Salies-de-Béarn : la Cité du Sel
« Si you nou eri mourt, arres n'y bibéré » (Si je n'y étais pas mort, personne n'y vivrait.).
Cette phrase gravée, au-dessus d’une sculpture de sanglier, au cœur de la cité béarnaise de Salies (dans les Pyrénées-Atlantiques), rappelle à tous les origines légendaires de la ville et de la découverte du sel qui fait sa richesse.
Selon la mémoire locale, c’est au cours d’une chasse menée par le célèbre comte de Foix, Gaston Phœbus, qu’un sanglier blessé disparait dans les marais. Il est retrouvé quelques jours plus tard, mort, mais en parfait état de conservation et couvert d’une fine pellicule brillante, formée par les cristaux de sel après évaporation de l’eau.
Les salines découvertes à cette occasion auraient entraîné la fondation de la ville.
En réalité, les eaux salées de cette région du Béarn sont connues et exploitées dès l’Âge du Bronze. À l’époque romaine, ces eaux sont utilisées pour en extraire le sel, mais également pour des soins thermaux.
Dès le Moyen-Âge, la ville se construit et s’organise, « en escargot » autour de la place centrale du Bayaà où se trouve la source principale de la ville. Les voisins, appelés besis, sont tous propriétaires de la source salée.
Au fil des siècles, les règles concernant l’utilisation de l’eau s’établissent, jusqu’en 1587, date à laquelle elles sont inscrites par écrit dans le « Livre Noir » de la cité.
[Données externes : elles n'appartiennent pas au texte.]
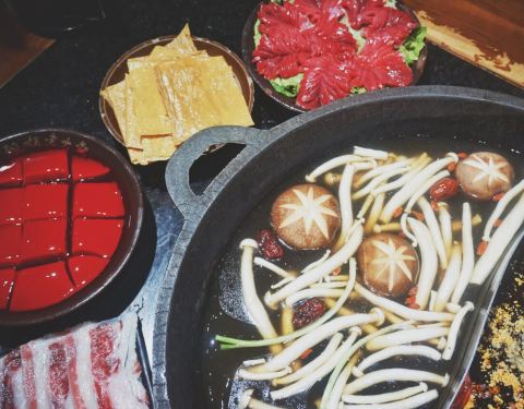 网红火锅店了吧,排队可厉害了, 还好有小伙伴提醒四点半去可以直接进去… 重庆人吃饭一般吃得挺晚的,宁可早去别晚去哦。 一进去就一股浓浓的麻辣味,不断打喷嚏, 虽然自认为还是个挺能扛辣的妹子, 但是一顿火锅吃下来感觉像个感冒患者, 我还点的只是微微辣,建议辣锅上来就撩走辣椒, 还好点的是鸳鸯,菌菇这半还不错,料足, 调料一定是要香油➕蚝油➕香菜➕蒜泥, 万能调料还解辣,这里也只有这一种调料… 这里鸭血很好吃,久煮还是很嫩, 还有鸭胗,烫几秒就可以撩起来了,会缩水, 贡菜丸子也挺有特色,虽不知贡菜是什么, 但不同于香菜,吃着挺脆的… 还有冰粉必点,绝对是解辣好帮手,一秒恢复… 很多菜量都是可以点半份的,挺适合两个人。

Les propriétaires de la source prennent alors le nom de « Parts-Prenants de la Fontaine Salée ».
Les journées sont alors rythmées par des coups de cloches qui annoncent la puisée de l’eau salée par les tiredous (porteurs) qui utilisent des sameaux (cuves en bois de 92 litres environ). Ils les déversent dans les coulédés, réservoirs extérieurs aux maisons, acheminant l’eau vers les poêles privés, permettant l’extraction du sel.
Le nombre de sameaux par habitant est régit par le Livre Noir et appelé Compte de Saüce. Il est fonction du statut marital et de la place de chacun dans la fratrie. Les héritiers sont toujours les aînés mâles. Mais les filles peuvent devenir Part-Prenant, en cas d’absence de frère. Pour être Part-Prenant il faut également résider depuis au moins 6 mois dans Salies.
Malgré les soubresauts de l’histoire et les tentatives de plusieurs souverains de s’emparer de cette richesse, les Salisiens ont conservé la propriété de leur fontaine salée.
Si, aujourd’hui, l’exploitation du sel s’est semi-industrialisée, les Par-Prenants en sont toujours les bénéficiaires et les règles de succession et de propriété de 1587 s’appliquent encore.
Les Part-Prenants, également propriétaires des thermes de la ville qui se sont développés au XIXe siècle, louent l’exploitation de ces richesses à plusieurs sociétés.
Jusqu’en 2060, l’exploitation de la saline est confiée au Consortium du jambon de Bayonne. Ainsi, ce jambon renommé du Pays Basque ne peut être labellisé IGP que s’il est salé avec le sel de Salies-de-Béarn.